## What the task asks:
Copy only what lies from the line containing "In einem Brettspiel-Forum" through the line containing "Ο Δήμος Πάργας" in the entries below, keeping both end lines exact and dropping every picture.

## Exercise data:
========================================

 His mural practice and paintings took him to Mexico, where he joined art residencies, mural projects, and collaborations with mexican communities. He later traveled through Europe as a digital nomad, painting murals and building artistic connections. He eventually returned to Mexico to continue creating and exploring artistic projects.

========================================

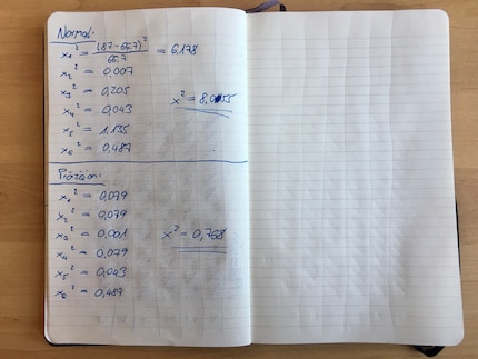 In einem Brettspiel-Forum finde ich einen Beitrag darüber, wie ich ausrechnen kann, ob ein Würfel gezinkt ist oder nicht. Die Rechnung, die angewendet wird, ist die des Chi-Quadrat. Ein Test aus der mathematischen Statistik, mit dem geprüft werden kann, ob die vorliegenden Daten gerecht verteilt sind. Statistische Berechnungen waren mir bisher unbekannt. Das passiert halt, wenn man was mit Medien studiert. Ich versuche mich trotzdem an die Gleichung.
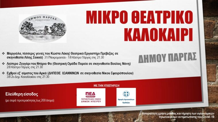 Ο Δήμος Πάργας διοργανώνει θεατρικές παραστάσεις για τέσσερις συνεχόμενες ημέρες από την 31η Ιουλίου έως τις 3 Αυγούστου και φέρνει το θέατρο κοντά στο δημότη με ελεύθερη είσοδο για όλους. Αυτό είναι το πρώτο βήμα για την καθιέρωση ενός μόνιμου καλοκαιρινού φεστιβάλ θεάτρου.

========================================

## Output of the task:
 In einem Brettspiel-Forum finde ich einen Beitrag darüber, wie ich ausrechnen kann, ob ein Würfel gezinkt ist oder nicht. Die Rechnung, die angewendet wird, ist die des Chi-Quadrat. Ein Test aus der mathematischen Statistik, mit dem geprüft werden kann, ob die vorliegenden Daten gerecht verteilt sind. Statistische Berechnungen waren mir bisher unbekannt. Das passiert halt, wenn man was mit Medien studiert. Ich versuche mich trotzdem an die Gleichung.
 Ο Δήμος Πάργας διοργανώνει θεατρικές παραστάσεις για τέσσερις συνεχόμενες ημέρες από την 31η Ιουλίου έως τις 3 Αυγούστου και φέρνει το θέατρο κοντά στο δημότη με ελεύθερη είσοδο για όλους. Αυτό είναι το πρώτο βήμα για την καθιέρωση ενός μόνιμου καλοκαιρινού φεστιβάλ θεάτρου.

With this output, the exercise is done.